No, but plain NPs can behave semantically like interrogatives
-- "She asked the time", "He knows my phone number" (= whatever
my phone number is, he knows that it be-phonenumbers me).

Change example to: "Who my favourite actor is has changed", and
you can see we are dealing with an interrogative clause.
 
> >What I eat depends on what's in the fridge 
> 
> i have a vague recollection that I saw this once, and that the 
> question "isn't this just a headless relative clause" has already 
> been raised. 

In case you mean to reraise it, we can show that it is an
interrogative, e.g.

  Who we invite depends on who is likely to be available.
  What the fuck I eat depends on what the fuck's in the fridge.

  !She took a helping of what the fuck I was eating.
  !She invited who was available.

i.e. there are syntactic tests for free relative clauses.

> I think this one's got me: it's instantiation, and it's 
> not clearly related to cognition (whereas Jorge's counterexamples of 
> forgetting and deciding were.) So I can't immediately see how {djuno} 
> resolves this. {kau} is intuitively appealing here; I don't know yet 
> whether it's right. I'm fairly sure we can't cut the Gordian knot 
> here, though, and say {le se citka be mi....} This isn't a claim 
> about food, but about a particular instantiation of food fitting in a 
> predication 

Is the question "How to say it in Lojban" or "How to say it with
kau" or "What is the logical form if it is said with makau"?
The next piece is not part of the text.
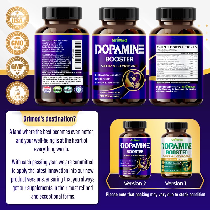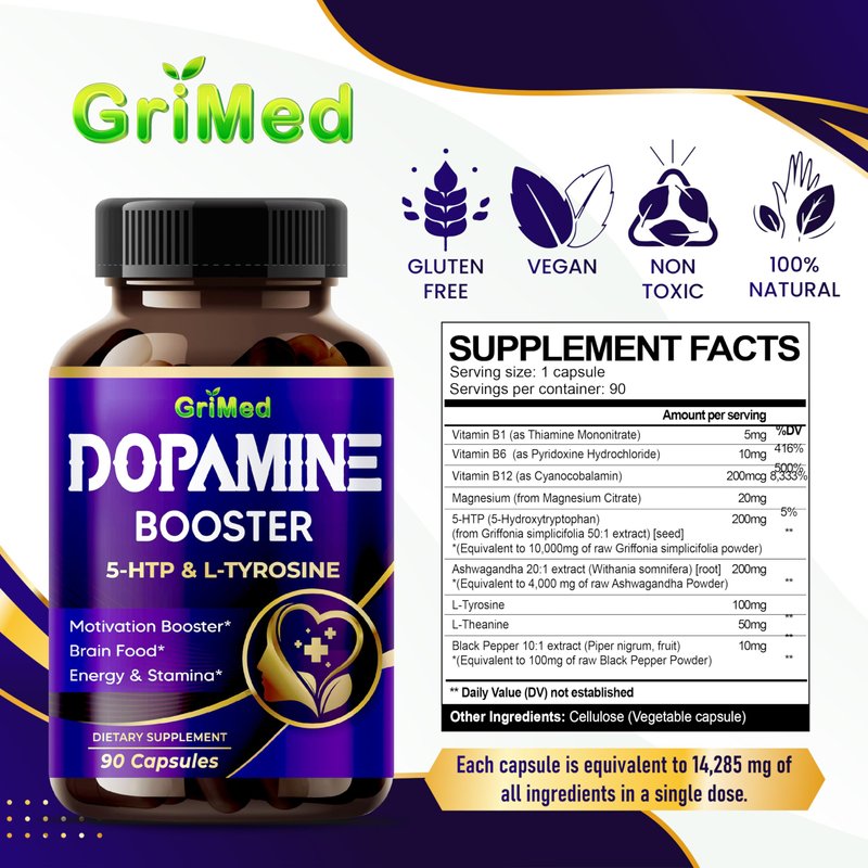 GriMed 5-HTP L-Tyrosine with Magnesium + L-Theanine - 14,285mg Energy, Stamina, Motivation Booster - USA Made & Tested (90 Count (Pack of 1))
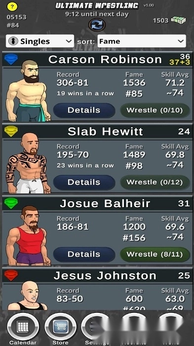 可以持续开启更多角色。角色的等级越高,其摔跤和竞技的能力就越强。

If the first, then I'll join in. If either of the latter two, I'll
just carp from the sidelines!

> >John differs from Jane in how tall they are 
> 
> This is akin to "John exceeds Jane in how tall they are", which is 
> resolved as {la djan. zmadu la djein. leni ce'u galte}. The problem 
> then becomes, of course, what does {ni} mean; but we were going to 
> have to resolve this anyway 

Change example to:

  John differs from Jane in who their favourite actor is.
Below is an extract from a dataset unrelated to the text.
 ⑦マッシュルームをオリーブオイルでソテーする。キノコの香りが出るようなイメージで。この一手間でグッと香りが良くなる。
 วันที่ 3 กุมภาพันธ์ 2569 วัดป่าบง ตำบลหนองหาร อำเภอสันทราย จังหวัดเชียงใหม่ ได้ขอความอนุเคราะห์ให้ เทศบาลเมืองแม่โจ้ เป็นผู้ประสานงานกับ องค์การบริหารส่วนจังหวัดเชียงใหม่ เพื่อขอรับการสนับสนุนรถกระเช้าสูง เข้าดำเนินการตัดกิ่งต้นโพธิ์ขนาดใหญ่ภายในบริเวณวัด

Jorge does this as {l??? ka/du'u ma kau is fave actor of ce'u}.
Between us, Jorge and I worked out some way of doing it with
du'au and ce'u but no makau, but if that becomes relevant I'll
exacavate that from my archives. I can't face reconstructing it
ab initio.

> But your second example is giving me pause. You may have trapped me. 
> Believe me, I'm looking forward to Karttunen's paper on questions 
>
> ****
> 
> A DEFENCE OF jboske and Formal semantics
> 
> I say this as much to convince myself as anyone else, because I find 
> these debates frustrating, confusing, and bewildering 
> 
> But I feel I have to say this more explicitly, because xod's praise 
> embarasses me a little. 

xod's praise for who and what? I thought xod thinks jboske is trying
to pin down mirages.

> Just because egghead X says something holds 
> in the semantics of English, doesn't mean we in Lojban have to buy 
> into it. Remember, Carlson may have argued that all bare plurals in 
> English, whether generic ("Dogs eat meat") or individuals ("I saw 
> dogs"), are the same thing underlyingly; but Carlson's explaining 
> English, so he would say that. He's got something to prove, after all 

And he may be right for English. That is, it is possible that English 
sentences do not encode the generic/nongeneric distinction, and that
that distinction is inferred pragmatically. (a big shudder from John
here)

> It also doesn't mean  that the formal semanticists are on the right 
> track. Geoff Sampson wrote a sympathetic book review of CLL, as you 
> may know (I'm getting someone to type it up for me and will send it 
> to list, because people don't seem to know about it.) Well, Sampson 
> also wrote a book I glimpsed today, trashing formal semantics so 
> thoroughly, I was wondering what the hell I was doing being 
> interested in it. Sort of like xod on a good day. :-)

Which book is that?

You also need to consider what criteria dermine the rightness of a 
track? Nor for everybody are the criteria cognitive.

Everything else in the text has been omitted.